Multilingual arbitrators will usually be sensitive to and aware of cultural and linguistic differences, and will likely approach issues with an open mind and a willingness to provide parties an equal opportunity to present their case. This is particularly important in my region, where Asian clients are often conducting arbitrations in English. Considering that Asian languages tend to be quite different from “Western” languages, e.g., in terms of grammatical structure, levels of formality and nuance, this may require specific precautions, such as consecutive, rather than simultaneous, interpretation or tweaks to the translation requirements – something which arbitrators from Western jurisdictions are not always sufficiently aware of.
To what extent should more be done to improve the transparency of arbitration proceedings?
The confidentiality of arbitral proceedings remains an important reason why commercial parties choose to arbitrate in the first place. To the extent increased transparency does not infringe on this choice, it should be welcomed. In particular, the enhanced institutional and procedural transparency pursued by leading arbitral institutions such as the ICC enhances the efficiency and legitimacy of the arbitral process. In investment arbitrations which involve public interests, transparency of proceedings is understandably much more common and accepted – although, remarkably, not always appreciated by states once they are actually involved in a dispute.
What role do you see third-party funding playing in arbitration moving forward?
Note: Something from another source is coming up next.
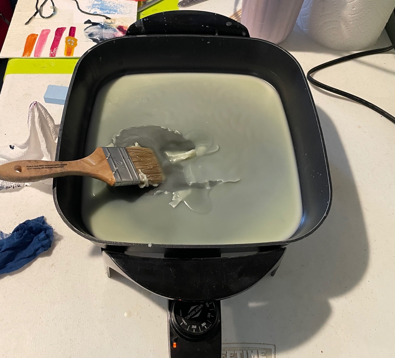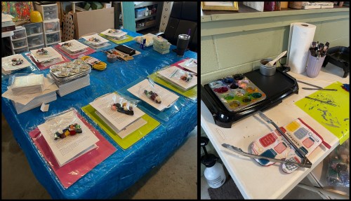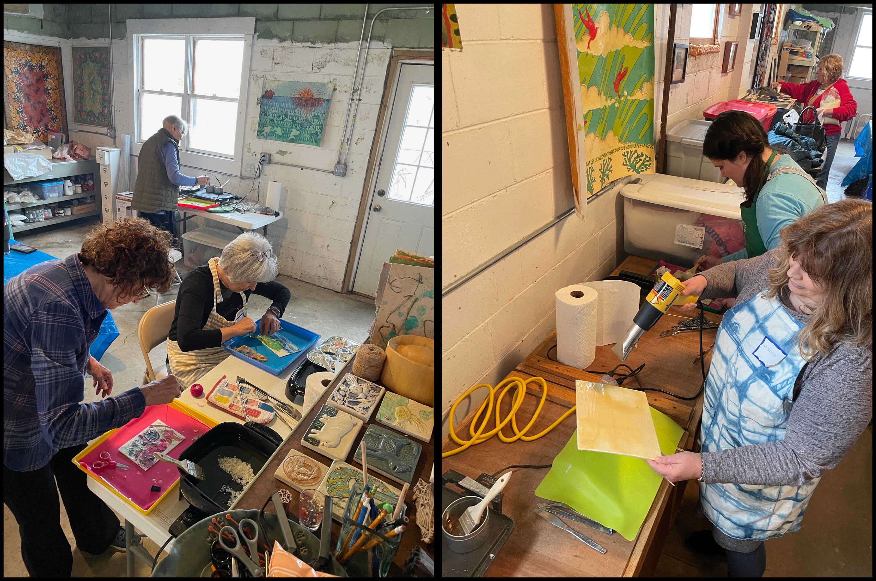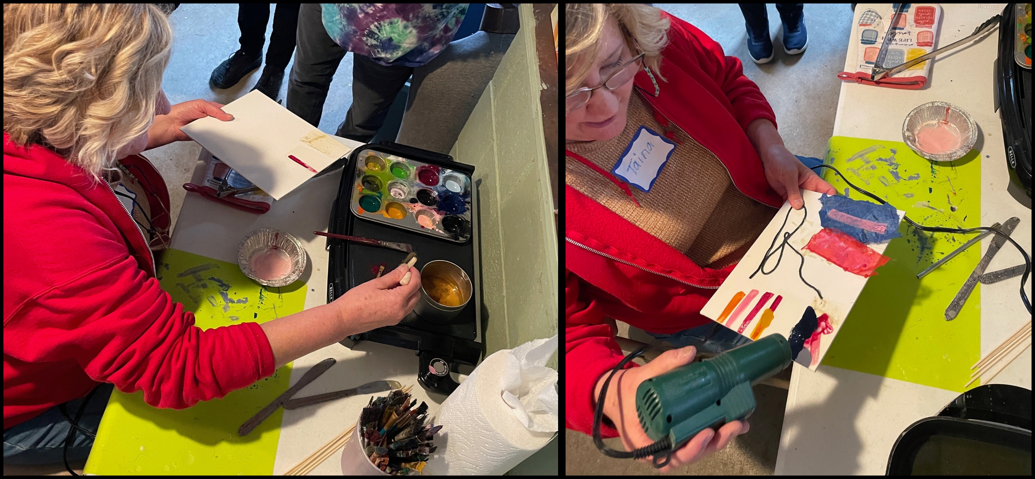Taina demonstrated how to use paint brushes and heat guns to paint the melted wax and how to mix colors. In some ways this is similar to painting with water colors – but one has to work fast because the melted wax hardens quickly!

I see it play an increasing role in big-ticket arbitrations, in which funding can be attractive for the funders and parties alike. Investment arbitration is certainly an area where there will be further growth. However, there are many commercial arbitrations at less high amounts in dispute which likely will continue to be run without any funding. Unfortunately, the legal situation in Japan is still not sufficiently clear. Since funding is not expressly allowed, many Japanese lawyers shy away from funding – although recently certain work-arounds have been deployed successfully.
How has the relationship between arbitrators and parties developed over your career? How might this affect tribunals?
Arbitrators seem to be increasingly aware that parties have become willing to consider challenging awards and arbitrators, which in some corners has led to a so-called “due process paranoia” among arbitrators. Also, depending on the geographic region, there seems to be a generational change from the “grand old (white) men” to a younger, more service-oriented, efficiency-driven, and diversified bar of arbitrators. I of course cannot exclude that some of the changes I perceive are just a reflection of my own development in the arbitration market.
What makes Nishimura & Asahi stand out from its competitors in the market?
A key distinguishing feature of Nishimura & Asahi amongst its Japanese competitors is its early focus on developing a dedicated international arbitration practice. Since 2018, it has been annually included in the Global Arbitration Review’s GAR 100 – as Japan’s first and for a long time only law firm. Notably, the firm has been carefully building a truly international team, seeing constant collaboration between Japanese, German, English, American and Australian qualified lawyers. This allows us to compete – as well as to collaborate as co-counsel – with international firms in the Japanese market. The next step will be to assist our other Asian offices in pursuing a similar path and to establish Nishimura & Asahi as a truly pan-Asian arbitration firm.
You have enjoyed a very distinguished career so far. What would you like to achieve that you have not yet accomplished?
While I am happy with my career trajectory so far, there is still a lot to accomplish. We can further internationalise our team and our roster of cases, and build out our ISDS practice. While our Singapore office already has a strong disputes offering, particularly in the construction sphere, there is still more potential for our Thai and Vietnamese offices that I hope to help develop. Finally, I enjoy sitting as an arbitrator and look forward to further expand my experience, particularly in cases in the Asia region.